Sec tRNA[Ser]Sec has additional features that distinguish it from all other tRNAs. For example, at 90 nucleotides in length, it is the longest eukaryotic tRNA sequenced to date (2, 24, 26, 39). This is due to an atypically long variable arm and the presence of 13 nucleotides in the acceptor and TΨC stem helices (where Ψ indicates pseudouridine) instead of the 12 normally found in all other tRNAs. Sec tRNA[Ser]Sec contains relatively few modified nucleotides (Fig. 2) compared to other tRNAs, which may have as many as 15 to 17 modified nucleotides. It may have up to six base pairs in the dihydrouracil stem instead of the three to four found in other tRNAs. Transcription of Sec tRNA[Ser]Sec is also unusual as it begins at the first nucleotide within the coding sequence (56) while all other tRNAs, whether they are of nuclear or organelle origin, have a 5′ leader sequence that must be processed. Sec tRNA[Ser]Sec, therefore, has a 5′ triphosphate on its terminal guanosine moiety. Many additional novel features of Sec tRNA[Ser]Sec transcription have also been reported, and this subject has been thoroughly reviewed elsewhere (42).

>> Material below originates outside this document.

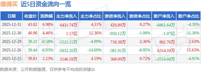 证券之星消息,截至2025年12月31日收盘,值得买(300785)报收于43.82元,上涨6.98%,换手率29.51%,成交量36.1万手,成交额15.64亿元。

The Sec tRNA[Ser]Sec gene occurs in single copy in the genomes of all mammals examined thus far, including humans, mice, rats, rabbits, cattle, and Chinese hamsters (reference 10 and references therein). The primary sequence of the gene has also been determined in chickens, frogs, zebra fish, fruit flies, and nematodes (10); like that in mammals, it is 87 nucleotides long (the CCA terminus is added posttranscriptionally to make its final length of 90 nucleotides). The only exception to the occurrence of single-gene copy in the genomes of animals was found in zebra fish, where two gene copies exit (100). The genomes of humans and rabbits also encode one pseudogene, while that of Chinese hamsters encodes three pseudogenes.

The Sec tRNA[Ser]Sec population in mammalian cells contains two major isoforms that differ from each other by a single methyl group in the wobble position (position 34) of the anticodon (see Fig. 2). One isoform contains methylcarboxymethyl-5′-uridine (mcm5U) at position 34, and the other contains methylcarboxymethyl-5′-uridine-2′-_O_-methylribose (2, 26). mcm5U is the precursor of mcm5Um (17, 50), and addition of this methyl group marks the final step in Sec tRNA[Ser]Sec maturation. Interestingly, the addition of this methyl group is responsive to selenium status (15, 26, 40), and its presence confers dramatic changes in tertiary structure (26). Efficient methylation of mcm5U to form mcm5Um requires the prior synthesis of each modified base (m1A at position 58, Ψ at position 55, and isopentenyladenosine [i6A] at position 37) and an intact tertiary structure (50). Synthesis of m1A, Ψ, i6A, and mcm5U was not connected to primary and tertiary structure as stringently as that of mcm5Um. These studies, as well as those demonstrating increased methylation at the 2′-_O_-ribose position in the presence of selenium (15, 26, 40) and alteration in tertiary structure with 2′-_O_-ribose methylation (26, 50), suggest that the two major Sec tRNA[Ser]Sec isoforms have different physiological roles.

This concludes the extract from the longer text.